A sin of omission is when you know the good you ought to do but choose not to do it. Sometimes the thing causing strife and harm in a marriage is actually something we fail to do more than something malicious we do. Below you will see what I call the 7 Deadly Sins of Omission in Marriage.
1. Failing to speak love and encouragement
A loving word or compliment goes a long way from anyone but it can go for miles from your spouse. Saying, “I love you” and “thank you” and “I’m so glad I married you” are phrases that simply shouldn’t go unsaid in marriage. Compliment your spouse. Don’t make things up. Look for genuine reasons to compliment and speak it.

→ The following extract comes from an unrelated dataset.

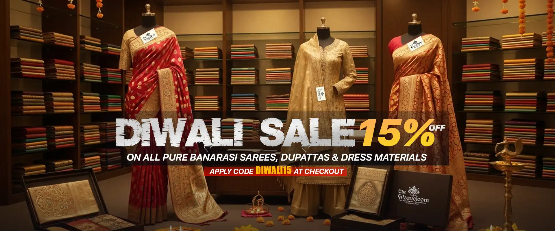 Feel the rich tradition of pure Banarasi sarees at The Weaveloom, where heritage meets elegance. From the ethereal drape of Khaddi Georgette sarees to the timeless luxury of Katan Silk Kadwa weaves, each piece is a celebration of India’s centuries-old craftsmanship. Whether you're looking for wedding sarees, custom-coloured festive picks, or daily elegance, our collections like Tussar Silk, Kora Tissue, and Organza Chikankari promise unmatched grace and purity. Shop sarees directly from Varanasi — the city where Banarasi magic is born.

Who knows, your spouse may secretly struggle with confidence or insecurity and the emotional boost of your words could be life giving.
2. Failure to initiate/respond sexually
It is rare to find a couple completely on the same page sexually. It is likely that one of you longs for sexual touch more (and maybe a lot more) than the other. The less-sexually-motivated spouse can easily be guilty of failing to initiate or even respond to sexual advances. This can be crippling to your more-sexually-motivated spouse. Your willingness to initiate and respond sexually is a blessing that should foster a deeper emotional connection to the marriage.

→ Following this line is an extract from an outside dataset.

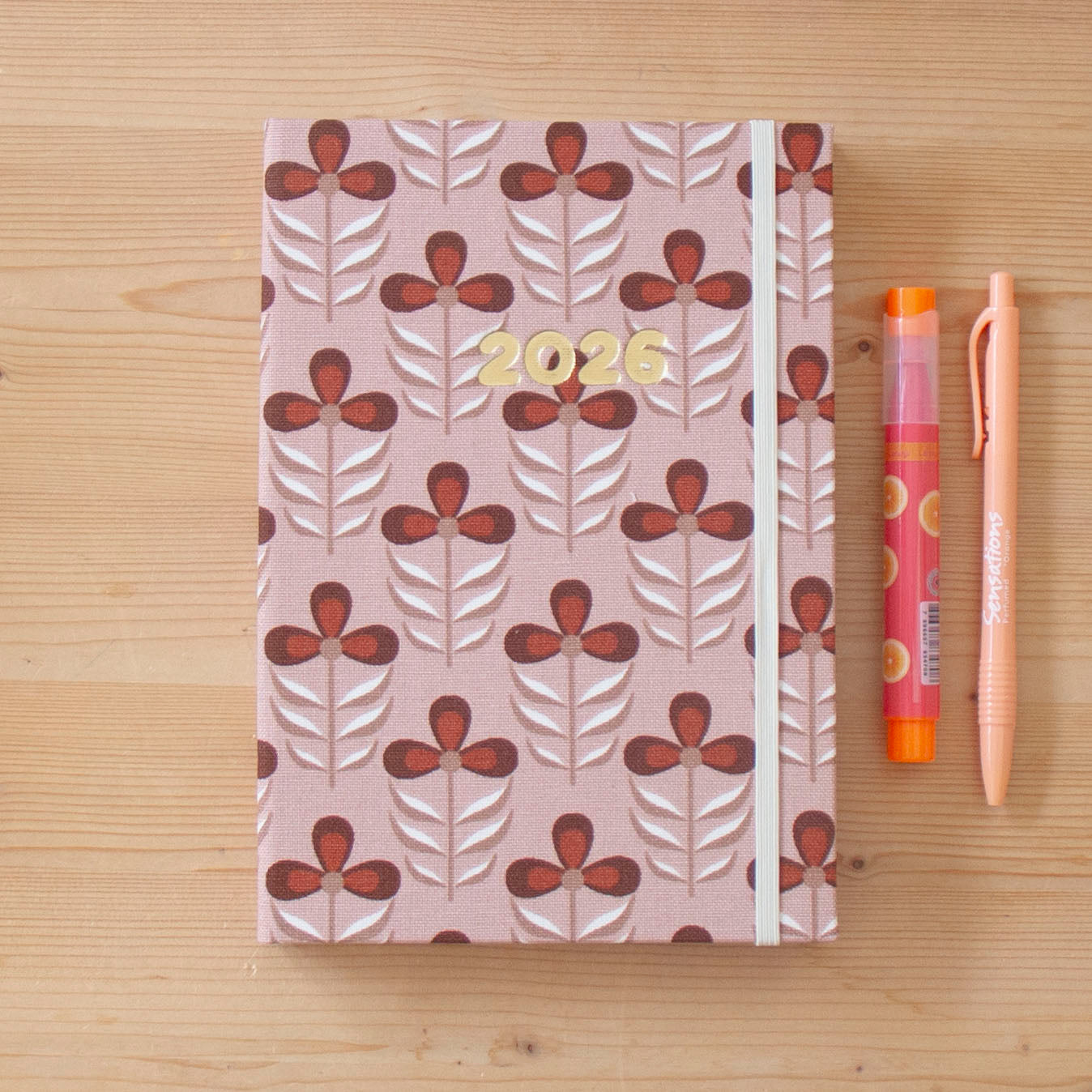 Agenda Diária Capa dura em tecido, com elástico e gravação 2026 em dourado e baixo relevo, tamanho A5

3. Failing to consult on finances
When one person makes financial decisions without consulting the other, a war can break out. The financial stability of a marriage is a big deal. Unilateral financial decisions alienate couples and result in bitterness, anger and distrust. Subtle messages of superiority, judgment, entitlement often come with these sorts of moves. Marriages need transparency, especially related to finances.
4. Failing to give your undivided attention
This is sitting inches from one another, yet miles away because your undivided attention is with social media instead of your spouse. Sure, you break away and talk to each other, but it is clear your attention is really with your phone. Silently and slowly a wall is built between you. You learn to get through the day with no meaningful conversation with your spouse while securing 27 more “likes” on your latest post. Marriage demands you give your undivided attention to your spouse, at least sometimes.
5. Failing to help each other with tasks/chores
Life is busy. There is an unending list of tasks and chores that help keep life manageable. What is it about us that waits to be asked to help out? When we are asked, why do we make excuses or do the minimum to get by? What would it look like to offer your help? Too many couples turn basic tasks and chores into a competition of who has worked harder or who deserves a break. Stepping up and doing what needs to be done is life-giving to any marriage.
6. Failing to give small acts of kindness and service
Kindness is overlooked in so many marriages today. Kindness is what makes marriage fun, sweet and enjoyable. The world speaks of “passion” when kindness is most needed. A small act of kindness or service sends the message that you are special to me. Acts of kindness and service are inherently self-less moves that elevate your spouse. We are often more kind to perfect strangers than we are to our spouse.
7. Failing to celebrate a success
What is your initial reaction when your spouse succeeds at something? Do you celebrate? Do you demean? Are you ambivalent? Your spouse should not have to look further than you for a cheering section. Trust me, your spouse is counting on you being in their corner. Honestly, most people aren’t just outright negative in this situation. Often the most painful response is none at all. Ignoring or not noticing successes is more than selfish, it feels intentionally hurtful.